DS is 29 months, no sign of AF, and have been taking vitex for month (3x daily). I did notice that it did drop my supply down a bit - but that was GREAT as I have always had an oversupply.


----------



## Sahara

How long does the tincture stay fresh? I have some left over from TTC DD, it says it expires 3/06 but I bought it in April or May of 2003, so it's at least 2 1/2 years old.

How much do you take of the tincture? This bottle is 1:1 fluid extract in organic alcohol, and it says 2000 mg extract per 'serving', which is 2 mL, or about 2 dropperfuls.

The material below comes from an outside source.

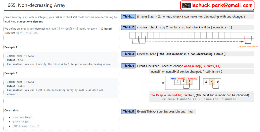 Leetcode 665. Non-decreasing Array Posted on 2022-06-292022-06-29 by lechuck park Share this: Click to share on X (Opens in new window) X Click to share on Facebook (Opens in new window) Facebook Like Loading... Published by lechuck park I love to learn computer tech and help people by the digital. View all posts by lechuck park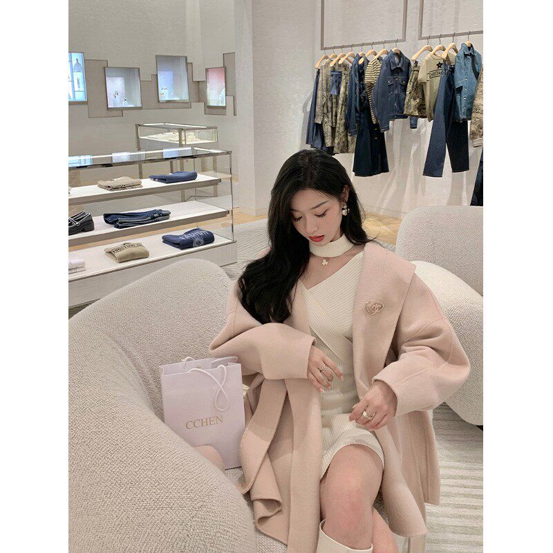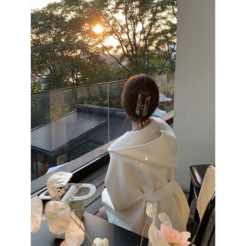 cchen陈陈_白色斗篷毛呢外套女秋季短款羊毛双面呢羊绒大衣小个子

Some of you mentioned dropping some nursing sessions, I have read that some women do not have a return of fertility until babies are sleeping most of the night without nursing. Maybe in "Breastfeeding and Natural Child Spacing"?


----------



## AngelBee

How do you make a tincture?


----------



## vermontana

Sahara, if it's an alcohol based tincture, it will stay good indefinitely. Alcohol doesn't go bad. The dosage on the bottle is a good dosage to take. (THat's what I take)
AngelBee, it depends what you are tincturing, but generally, you take your herb/s, put them in a jar, cover them up with 100 proof vodka, then let them sit for 4-6 weeks, then strain. That is the traditional wise woman way, there are some more advanced "scientific" methods, where you measure alcohol and distilled water very precisely and use mathematical charts to figure out the correct solvent percentage for whatever herb you are tincturing. Actually not as complicated as it sounds. You can probably do a google search and find more detailed directions, or buy a good introductory herbal book, like Rosemary Gladstar's Family Herbal or Healing Wise by Susun Weed.


----------



## scarlett1110

I have been TTC for a year now, PPAF returned last Oct with no luck. I am 39 today and got a very ugly BFN (not a good bday present). I nurse my 21 month old son at nap and during the night, he loves his "boomms" and would only nurse if allowed. I don't want to give up nursing until he's ready but want to complete my family soon (not getting any younger). He was born by forced (told he'd die if I didn't agree) csection after 3 ntural vbs with my DDs. I'm concerned that that my by hindering my getting my BFP. I see that alot say taking vitex may help and its safe so is there any other things I can try? I've been charting, using OPKs, checking CM & cervix, BDing every other day all with no luck. HELP!!















:


----------



## 3inclothdiapers

When I was still bf'ing dd (my 1st child) I had long, anovluatory cycles (or if I did ovluate, my luteal phase was only 6 days). I read that taking vitamin B6 can help, so I started taking just 50 mg a day (though my dr said up to 300 mg a day was fine). I was in the middle of a long cycle that was going nowhere. 10 days after starting the B6, I ovluated on cd32 and conceived baby #2.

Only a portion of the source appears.